Start of Block
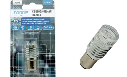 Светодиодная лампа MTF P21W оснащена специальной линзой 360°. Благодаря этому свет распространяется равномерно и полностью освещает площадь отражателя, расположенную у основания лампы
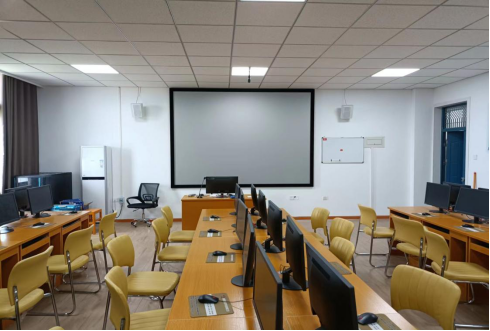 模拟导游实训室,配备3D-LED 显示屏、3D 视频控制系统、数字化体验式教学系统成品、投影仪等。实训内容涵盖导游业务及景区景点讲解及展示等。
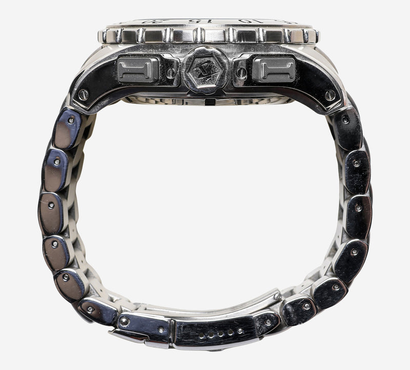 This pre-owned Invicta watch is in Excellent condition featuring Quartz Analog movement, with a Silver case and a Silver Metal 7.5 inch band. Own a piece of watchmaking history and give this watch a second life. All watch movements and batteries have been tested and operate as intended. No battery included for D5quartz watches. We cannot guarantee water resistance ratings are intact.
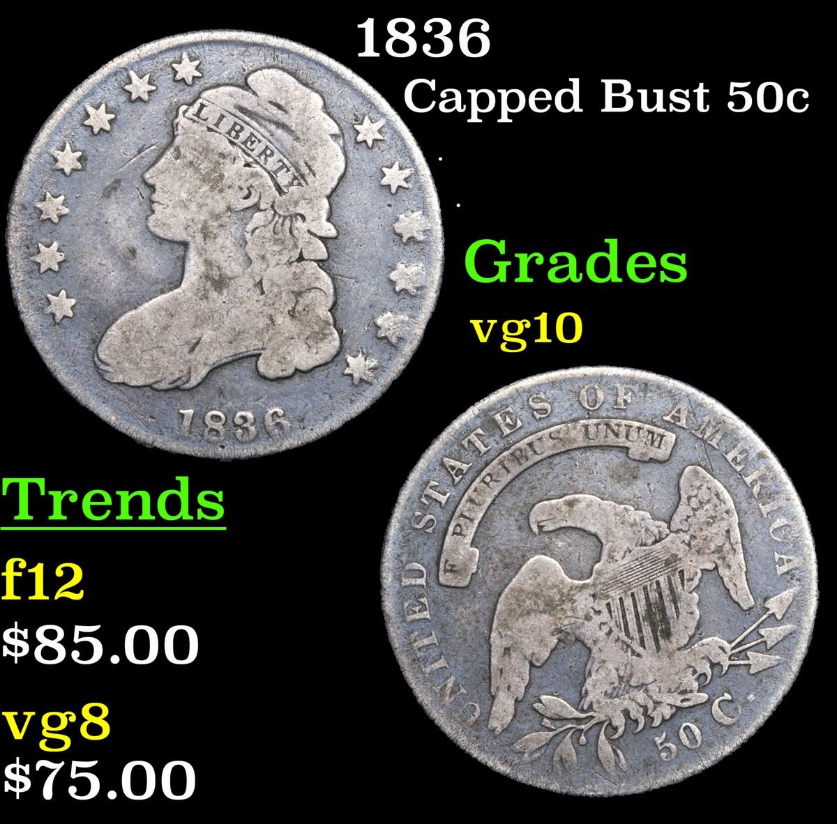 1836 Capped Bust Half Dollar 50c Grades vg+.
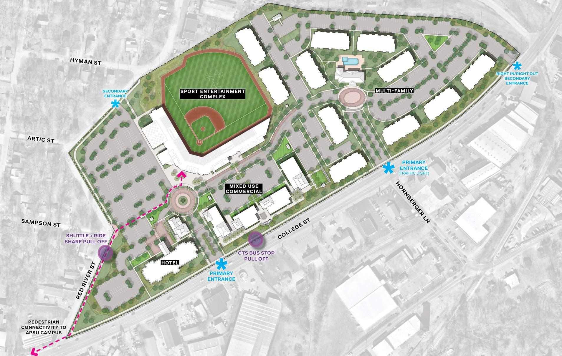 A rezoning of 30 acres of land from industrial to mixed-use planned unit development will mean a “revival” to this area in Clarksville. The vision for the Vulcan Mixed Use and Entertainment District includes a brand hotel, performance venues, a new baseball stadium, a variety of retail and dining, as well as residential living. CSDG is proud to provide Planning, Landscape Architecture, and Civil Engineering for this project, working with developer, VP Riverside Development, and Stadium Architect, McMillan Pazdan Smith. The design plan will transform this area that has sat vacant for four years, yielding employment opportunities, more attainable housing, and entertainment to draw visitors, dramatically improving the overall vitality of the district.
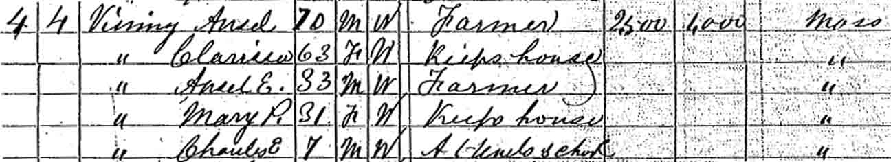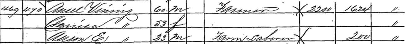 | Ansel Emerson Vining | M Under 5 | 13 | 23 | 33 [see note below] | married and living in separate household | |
End of Block
§ **Your task**
With the pictures left out, copy exactly the lines above from the line containing "1836 Capped Bust Half Dollar 50c Grades vg+." through the last line of the entries.

§ **Response below**
 1836 Capped Bust Half Dollar 50c Grades vg+.
 A rezoning of 30 acres of land from industrial to mixed-use planned unit development will mean a “revival” to this area in Clarksville. The vision for the Vulcan Mixed Use and Entertainment District includes a brand hotel, performance venues, a new baseball stadium, a variety of retail and dining, as well as residential living. CSDG is proud to provide Planning, Landscape Architecture, and Civil Engineering for this project, working with developer, VP Riverside Development, and Stadium Architect, McMillan Pazdan Smith. The design plan will transform this area that has sat vacant for four years, yielding employment opportunities, more attainable housing, and entertainment to draw visitors, dramatically improving the overall vitality of the district.
 | Ansel Emerson Vining | M Under 5 | 13 | 23 | 33 [see note below] | married and living in separate household | |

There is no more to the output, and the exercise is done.